_Exercise brief_
In the entries below, find the line with "3 Pin Connector, 20-16", then set it down exactly along with each line after it to the end, skipping any pictures.
══════
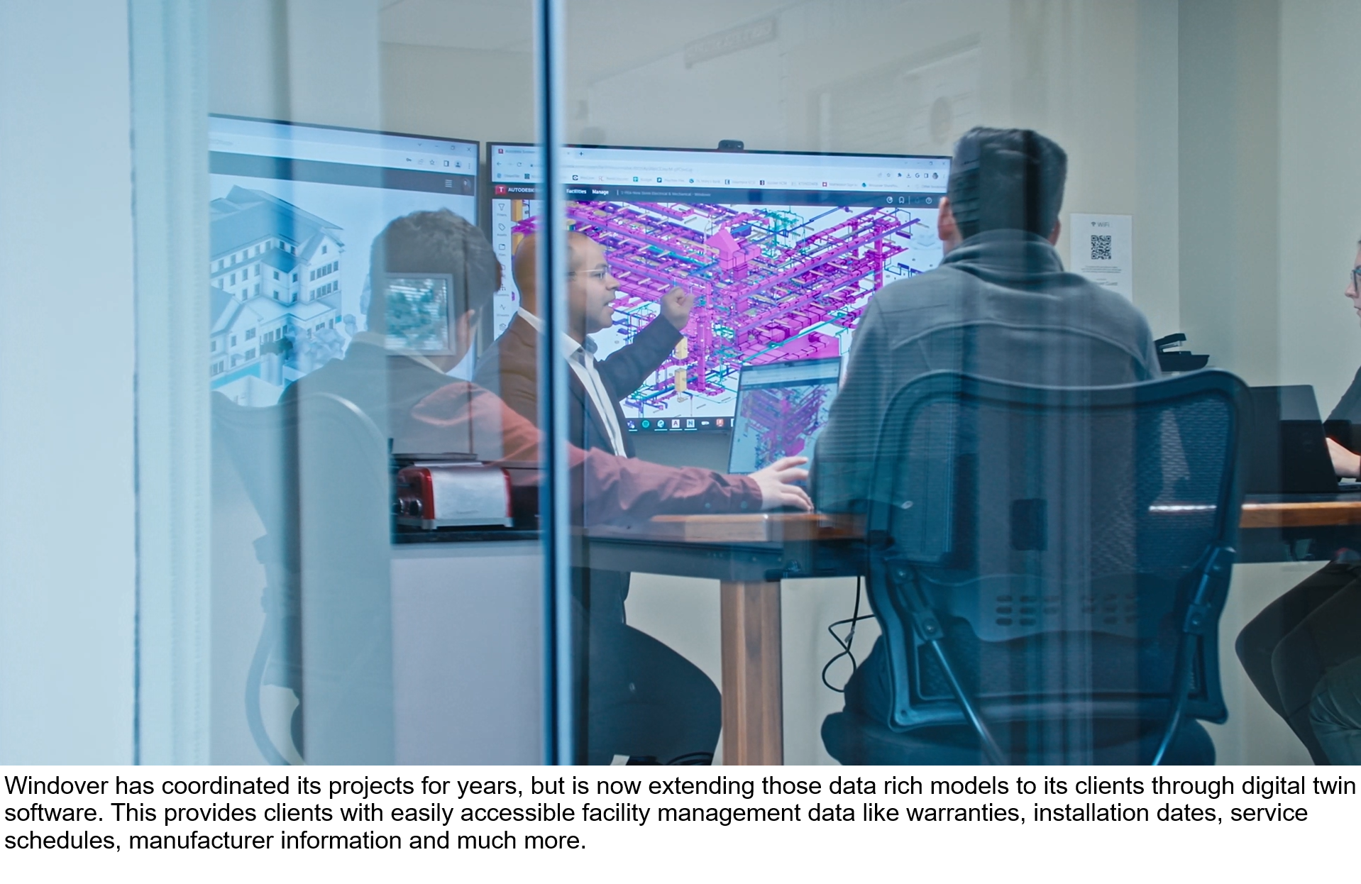 hand over cumbersome manuals and PDF drawings at the end of a project, leaving most clients with unhelpful documentation for facility management, Windover has employed cutting-edge technology to provide clients with easily accessible data. As a standard practice, Windover’s virtual, design and construction team coordinates all projects throughout the design and build phases. However, they realized that all the valuable data created during the BIM coordination process was lost when the project was handed over to the client.
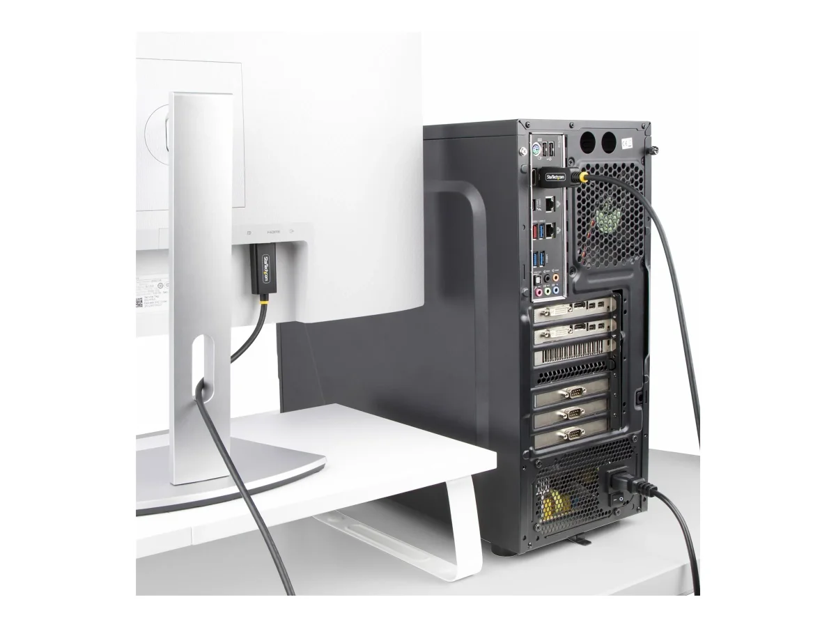 Das integrierte Videoadapterkabel reduziert Fehlerquellen, Signalverluste und Unordnung und erfordert keine zusätzliche Stromversorgung. Ausgestattet mit adaptiver Empfängerentzerrung zur Optimierung des Eingangssignals und Verstärkung des Ausgangssignals, um die Kompatibilität mit Bildschirmen zu gewährleisten. Die Käfigabschirmung verhindert elektromagnetische Interferenzen (EMI) und hilft, die Signalintegrität zu erhalten. Dieses aktive Adapterkabel funktioniert mit Computern von Dell, HP, Lenovo und anderen Desktop-Herstellern. Es ist rückwärtskompatibel mit 4K 30Hz, 1080p und anderen niedrigeren Auflösungen.
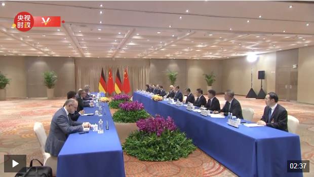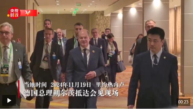 當地時間11月19日,國家主席習近平在里約熱內盧出席二十國集團領導人峰會期間會見德國總理朔爾茨。
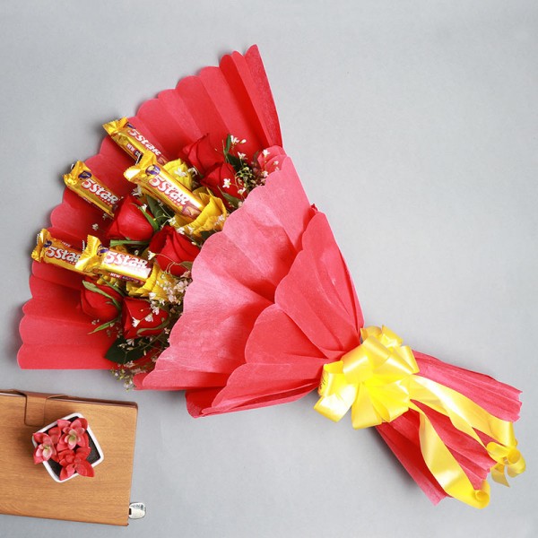 - One Bouquet of 6 Red Roses and 5 Five Star (19.5 gm) Chocolates
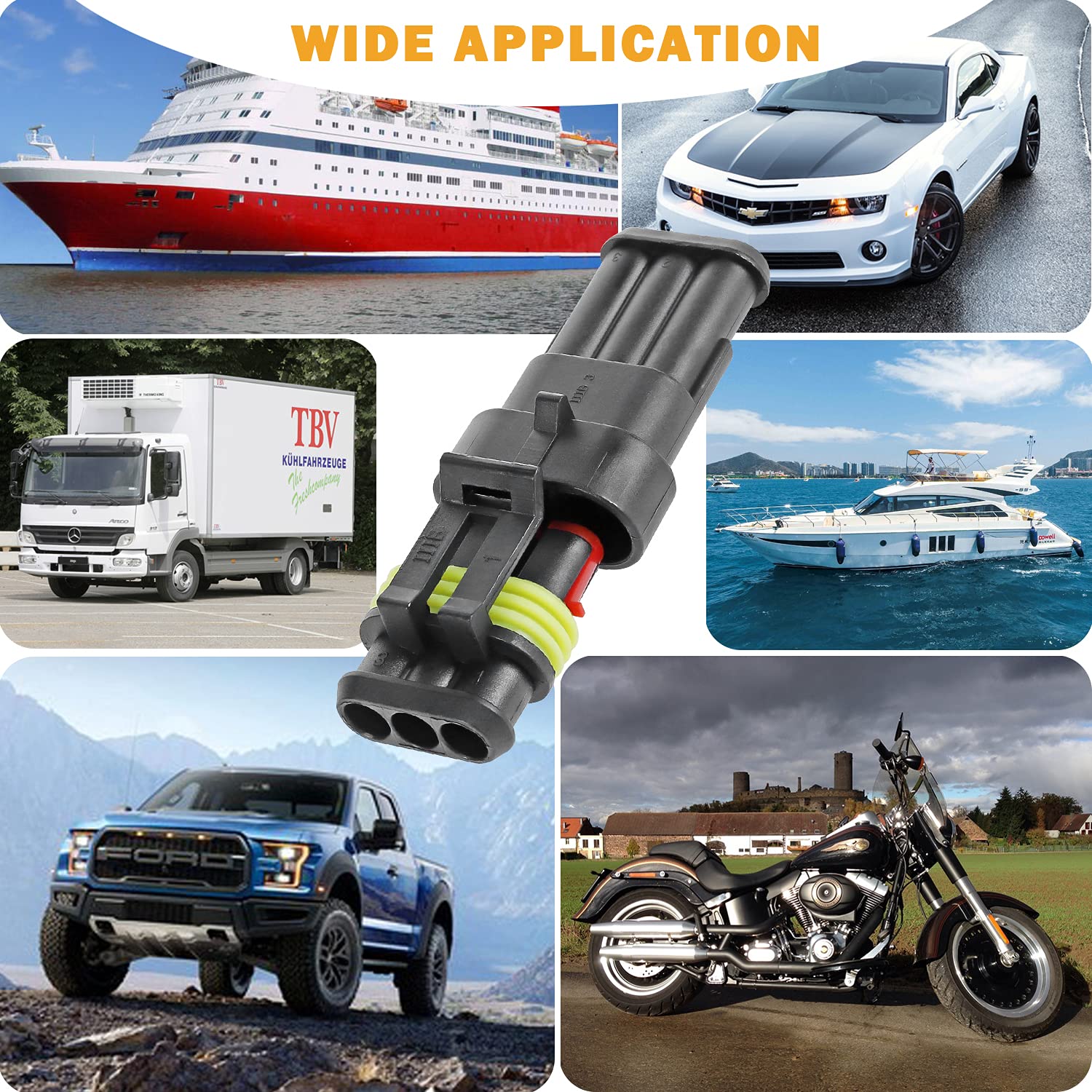 3 Pin Connector, 20-16 AWG Waterproof Electrical Automotive Wire Connector, 1.5mm Series Terminals Male Female Car Connectors Plug Sets
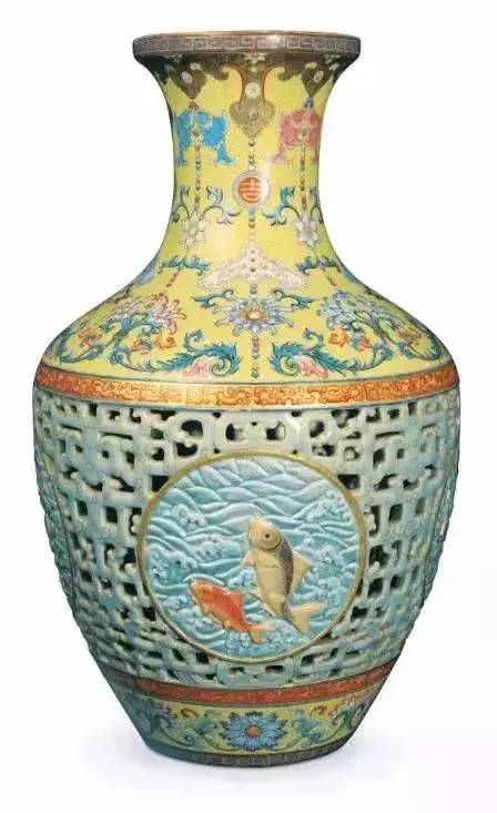 第一名:清乾隆粉彩镂空“吉庆有余”转心瓶
══════
_Exercise solution_
 3 Pin Connector, 20-16 AWG Waterproof Electrical Automotive Wire Connector, 1.5mm Series Terminals Male Female Car Connectors Plug Sets
 第一名:清乾隆粉彩镂空“吉庆有余”转心瓶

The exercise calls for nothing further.